=== EXERCISE INSTRUCTIONS ===
Verbatim copy, pictures excluded: every line from the one with "The advantage of" through the final line of the data below, and no other line.

=== THE DATA ===
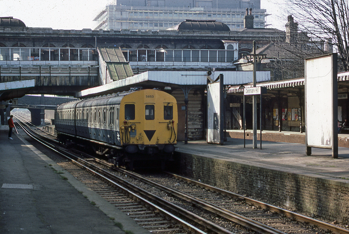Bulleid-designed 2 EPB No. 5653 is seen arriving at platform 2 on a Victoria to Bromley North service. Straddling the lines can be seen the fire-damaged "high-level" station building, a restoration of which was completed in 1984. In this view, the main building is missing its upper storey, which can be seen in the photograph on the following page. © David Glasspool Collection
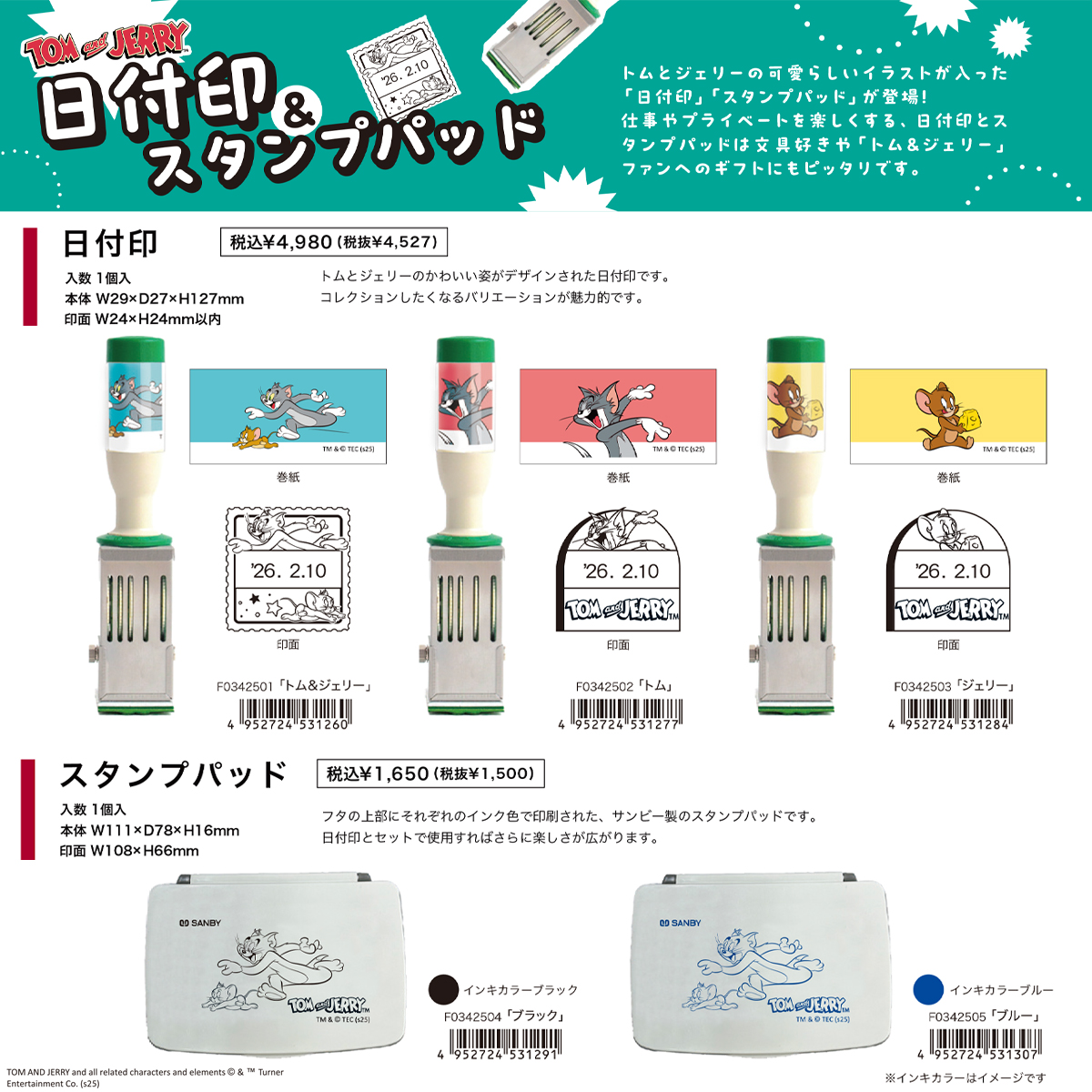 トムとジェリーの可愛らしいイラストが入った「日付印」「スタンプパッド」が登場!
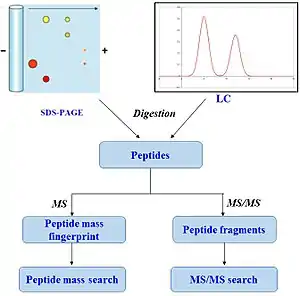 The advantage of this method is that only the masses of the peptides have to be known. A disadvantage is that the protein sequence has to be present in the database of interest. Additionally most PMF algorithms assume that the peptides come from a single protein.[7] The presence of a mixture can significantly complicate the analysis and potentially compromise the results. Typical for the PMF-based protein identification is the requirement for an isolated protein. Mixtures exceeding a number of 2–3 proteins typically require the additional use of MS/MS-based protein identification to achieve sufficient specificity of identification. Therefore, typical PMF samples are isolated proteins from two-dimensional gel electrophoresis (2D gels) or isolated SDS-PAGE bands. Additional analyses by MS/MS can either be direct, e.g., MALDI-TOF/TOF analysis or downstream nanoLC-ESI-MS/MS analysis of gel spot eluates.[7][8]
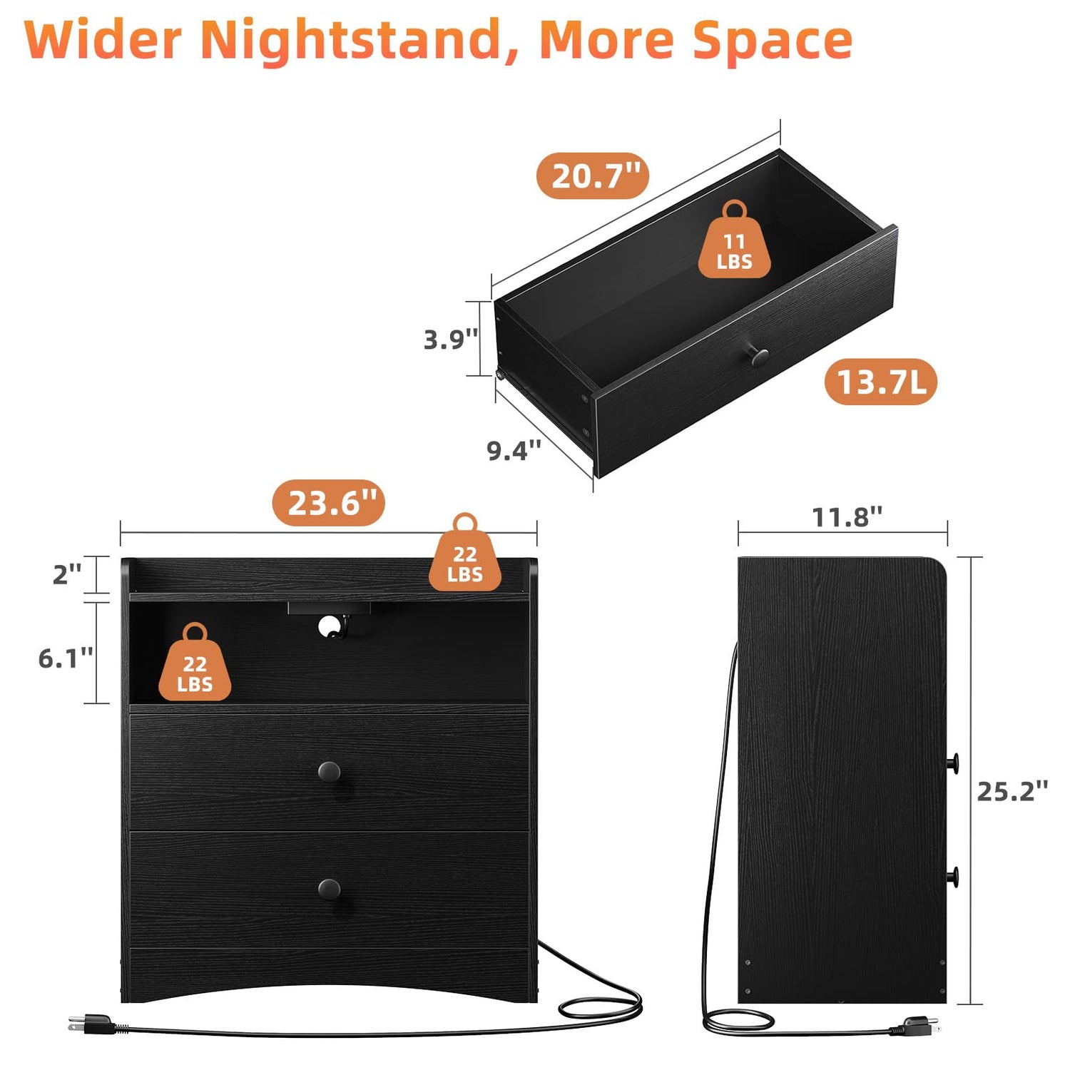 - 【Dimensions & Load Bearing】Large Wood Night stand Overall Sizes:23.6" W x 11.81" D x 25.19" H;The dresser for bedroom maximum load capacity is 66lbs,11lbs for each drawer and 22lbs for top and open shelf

=== WRITTEN RESPONSE ===
 The advantage of this method is that only the masses of the peptides have to be known. A disadvantage is that the protein sequence has to be present in the database of interest. Additionally most PMF algorithms assume that the peptides come from a single protein.[7] The presence of a mixture can significantly complicate the analysis and potentially compromise the results. Typical for the PMF-based protein identification is the requirement for an isolated protein. Mixtures exceeding a number of 2–3 proteins typically require the additional use of MS/MS-based protein identification to achieve sufficient specificity of identification. Therefore, typical PMF samples are isolated proteins from two-dimensional gel electrophoresis (2D gels) or isolated SDS-PAGE bands. Additional analyses by MS/MS can either be direct, e.g., MALDI-TOF/TOF analysis or downstream nanoLC-ESI-MS/MS analysis of gel spot eluates.[7][8]
 - 【Dimensions & Load Bearing】Large Wood Night stand Overall Sizes:23.6" W x 11.81" D x 25.19" H;The dresser for bedroom maximum load capacity is 66lbs,11lbs for each drawer and 22lbs for top and open shelf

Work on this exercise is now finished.